▸ Problem: Please transcribe exactly the lines from the line holding "中铁集装箱运输有限责任公司多" through the end of the data below, and skip any pictures.

▸ Dataset extract:
........

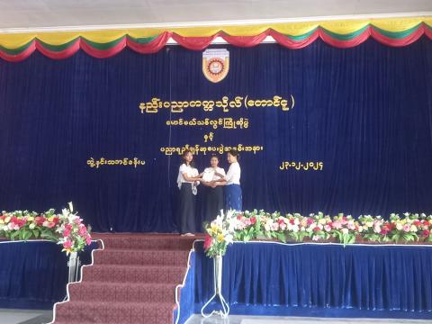 ပဲခူးတိုင်းဒေသကြီး၊ တောင်ငူမြို့နယ်၊ ကေတုမတီမြို့သစ်ရှိ နည်းပညာတက္ကသိုလ်(တောင်ငူ)၌ (၂၀၂၄-၂၀၂၅)ပညာသင်နှစ် ပညာရည်ချွန်ဆုပေးပွဲနှင့် မောင်မယ်သစ်လွင်ကြိုဆိုပွဲအခမ်းအနားကို ယမန်နေ့နံနက်ပိုင်းကကျင်းပရာ ဆရာ၊ ဆရာမများနှင့် ကျောင်းသားကျောင်းသူ(၃၀၀)ဦးခန့် တက်ရောက်သည်။
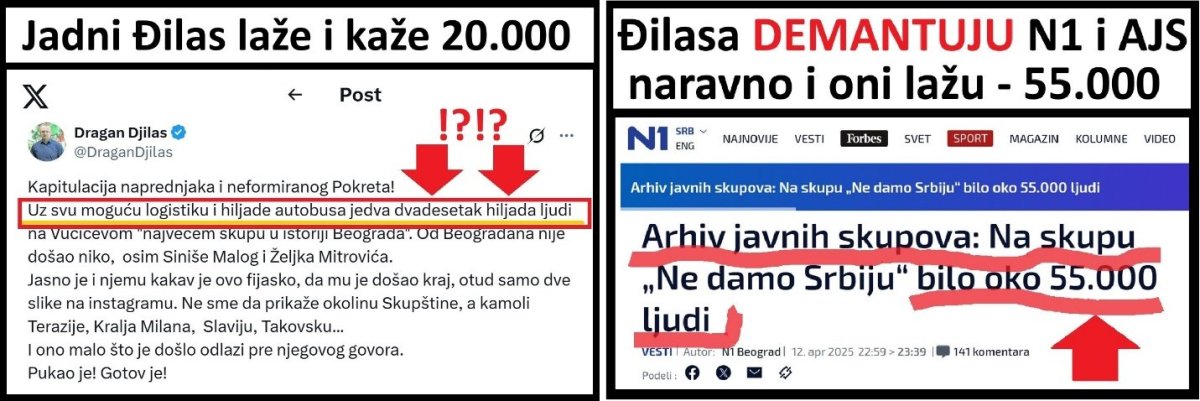 Najgori šamar i udarac Đilasu, došao je iz sestrinskog medija N1 i od Arhiva javnih skupova. Portal N1 je u 22:59 objavio tekst pod naslovom: "Arhiv javnih skupova: Na skupu "Ne damo Srbiju" bilo oko 55.000 ljudi". Taj tekst demantuje Đilasove laži o "jedva 20.000 ljudi". Težak udarac Đilasu. N1 i Arhiv tvrde da je Đilas masno slagao, dva i po puta i da nije bilo 20.000 ljudi već 55.000! Naravno, i Arhiv i N1 takođe lažu, kao i uvek. Kao i uvek, lažu mnogo manje nego Đilas i ostala opozicija. Princip je sledeći. Opozicija desetostruko uvećava ili umanjuje brojeve, a N1 i Arhiv, "samo2 između dva do tri puta, kako kad. Osim što Đilas i NovaS mnogo lažu, a N1 i Arhiv manje lažu, konstatujem da su nesložni u laži. Pazite, NovaS i N1 imaju istog vlasnika, to su sestrinski mediji. Drugo, i Đilas je jedan od onih koji finansiraju Arhiv javnih skupova, koji čine trojica nestručnih tipova iz opozicije. Ovo je još jedan dokaz koliko su posvađani i nesložni i opozicija i njeni mediji N1 i NovaS. Oni jedni drugima oči vade, ko vrane, tamo se ne zna ko pije a ko plaća. Nesložni su čak i u laganju. Dva medija, dva oka u istoj glavi, N1 i NovaS, su dva razroka, vrljava oka. Jedno gleda levo, drugo gleda desno.
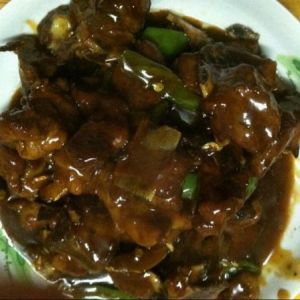 煎好待用!然后锅里有油就不用放油了!!中火炒糖色,最好用冰糖!糖变色冒泡就可倒入排骨翻炒然后把放点盐料酒酱油翻炒之后放入磨过排骨的水加入醋糖!可以根据自己口味调味!翻炒下闷个半个中!汁干点就调好淀粉倒入翻炒洒点葱花更好!!之后就可以盛出盘了!!这有成品!!
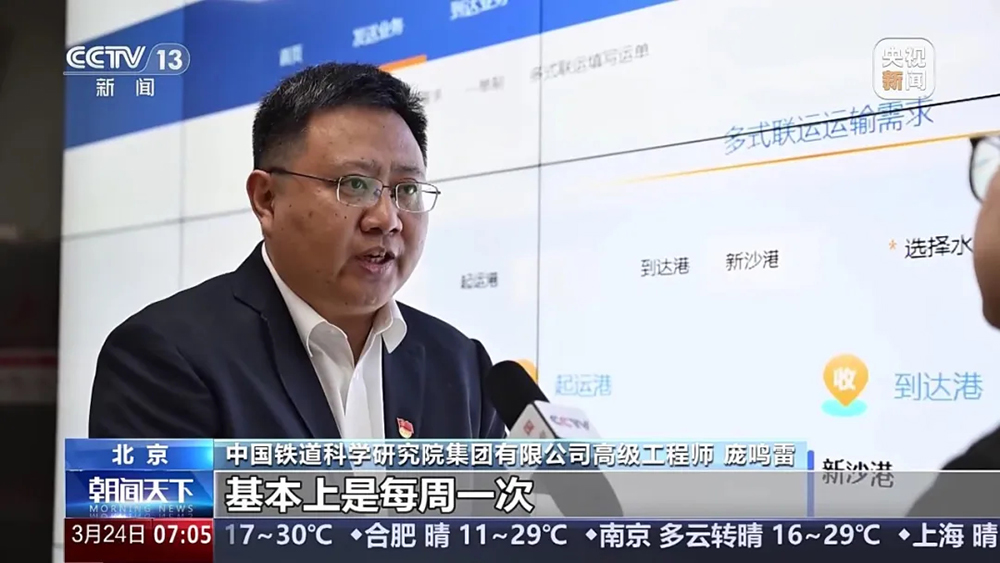 中铁集装箱运输有限责任公司多式联运部部长 冯轶斌:比如说我们有一个货物品名叫“杯子”,可能在这个船公司的系统里面叫“水杯”。在我们的系统里面,我们就要把这个“杯子”翻译成船公司的“水杯”,然后推到它的系统里面,我们把它叫做“映射”或者“翻译”。
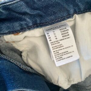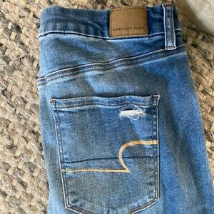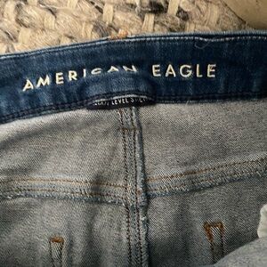 AMERICAN EAGLE Skinny Size 14. Stylish and comfortable distressed blue jeans perfect for any casual outing. These jeans offer a trendy look with their unique design. EUC. Inseam is 28”. Smoke free home.
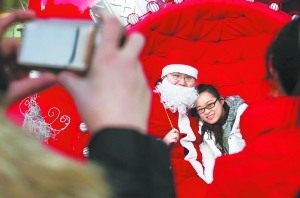 17:30,大望路地鐵站門口。捧著白色泡沫塑料箱子賣花的小販如此“教育”一位男顧客。記者發(fā)現(xiàn),雖然明知道這種插在塑料箱子里的花根本過不了夜就會(huì)枯萎,雖然小販們趁節(jié)日“坐地起價(jià)”,往常10塊一捧的玫瑰如今漲到了50塊,但咬牙跺腳買下圣誕花的男士仍為數(shù)不少。
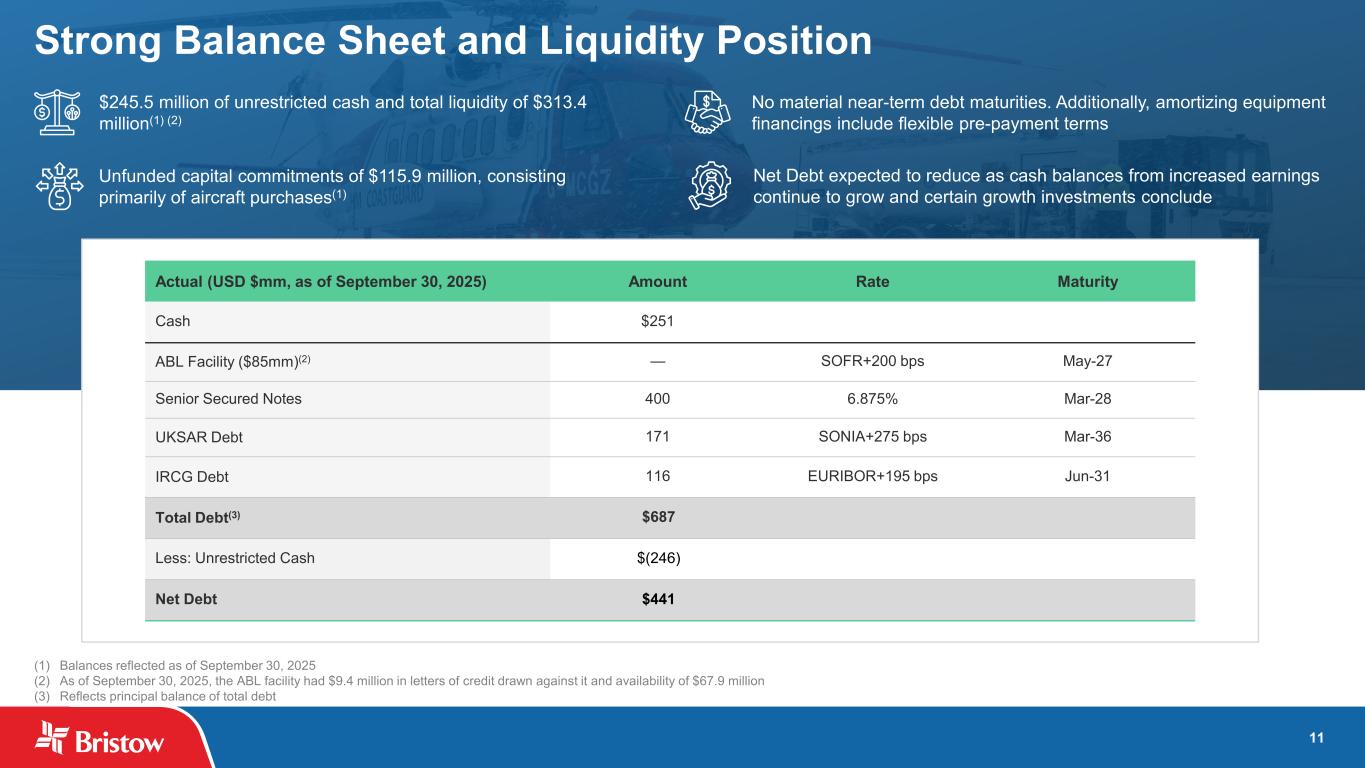 12 (Adjusted EBITDA – Maintenance CapEx – Cash Taxes) Average (Gross Debt + Book Equity) Increased Cash Flow Generation Driving Value Creation (1) Based on midpoint of Adjusted EBITDA outlook ranges. 5.6% 9.1% 12.3% 12.0% 15.8% 0.0% 2.0% 4.0% 6.0% 8.0% 10.0% 12.0% 14.0% 16.0% 2022A 2023A 2024A 2025E 2026E Bristow Cash ROIC by Year (1) (1) Cash ROIC =
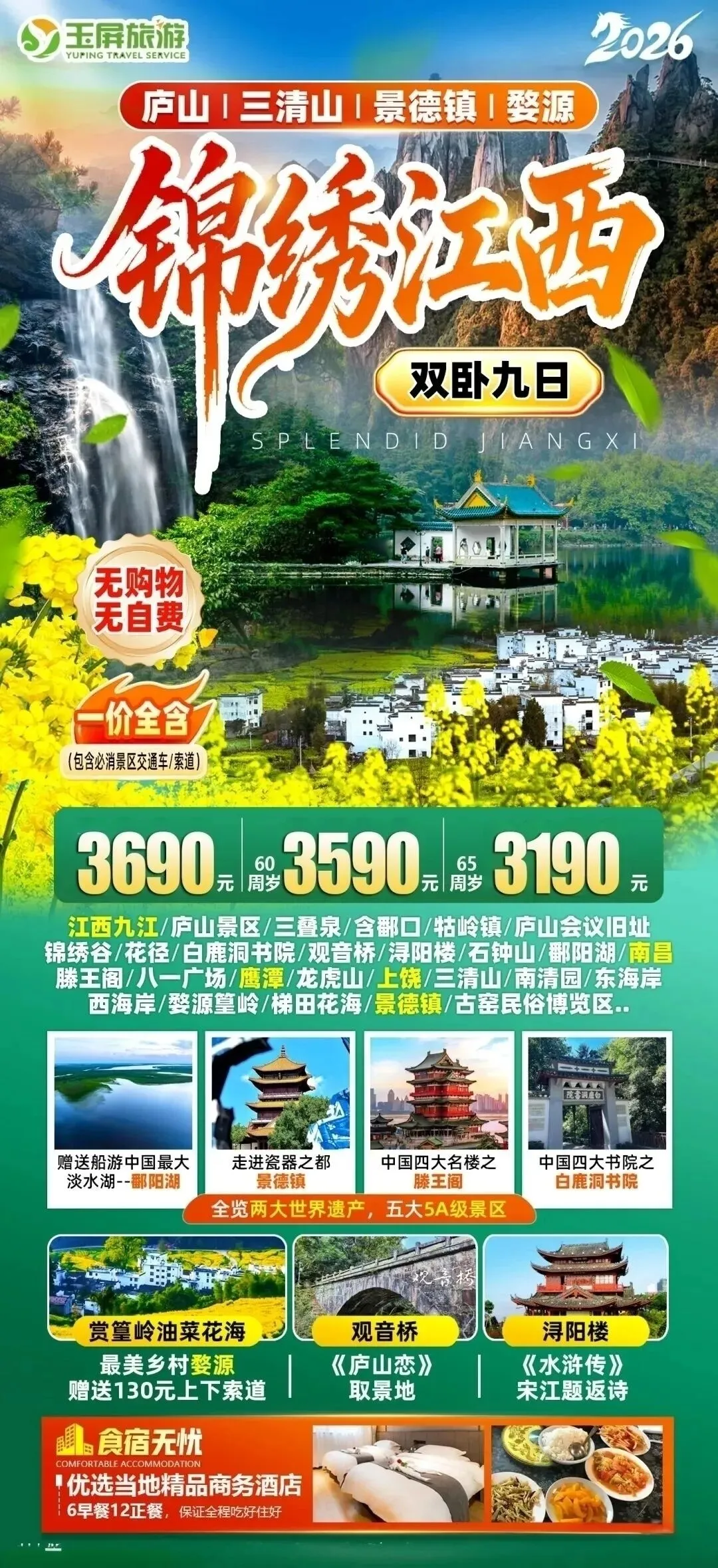 26.锦绣江西双卧9日 发班日期:3月13日🈵、16日、17日🈵,20日,24日🈵 纯玩无购物,一价全含

........

▸ Final answer:
 中铁集装箱运输有限责任公司多式联运部部长 冯轶斌:比如说我们有一个货物品名叫“杯子”,可能在这个船公司的系统里面叫“水杯”。在我们的系统里面,我们就要把这个“杯子”翻译成船公司的“水杯”,然后推到它的系统里面,我们把它叫做“映射”或者“翻译”。
 AMERICAN EAGLE Skinny Size 14. Stylish and comfortable distressed blue jeans perfect for any casual outing. These jeans offer a trendy look with their unique design. EUC. Inseam is 28”. Smoke free home.
 17:30,大望路地鐵站門口。捧著白色泡沫塑料箱子賣花的小販如此“教育”一位男顧客。記者發(fā)現(xiàn),雖然明知道這種插在塑料箱子里的花根本過不了夜就會(huì)枯萎,雖然小販們趁節(jié)日“坐地起價(jià)”,往常10塊一捧的玫瑰如今漲到了50塊,但咬牙跺腳買下圣誕花的男士仍為數(shù)不少。
 12 (Adjusted EBITDA – Maintenance CapEx – Cash Taxes) Average (Gross Debt + Book Equity) Increased Cash Flow Generation Driving Value Creation (1) Based on midpoint of Adjusted EBITDA outlook ranges. 5.6% 9.1% 12.3% 12.0% 15.8% 0.0% 2.0% 4.0% 6.0% 8.0% 10.0% 12.0% 14.0% 16.0% 2022A 2023A 2024A 2025E 2026E Bristow Cash ROIC by Year (1) (1) Cash ROIC =
 26.锦绣江西双卧9日 发班日期:3月13日🈵、16日、17日🈵,20日,24日🈵 纯玩无购物,一价全含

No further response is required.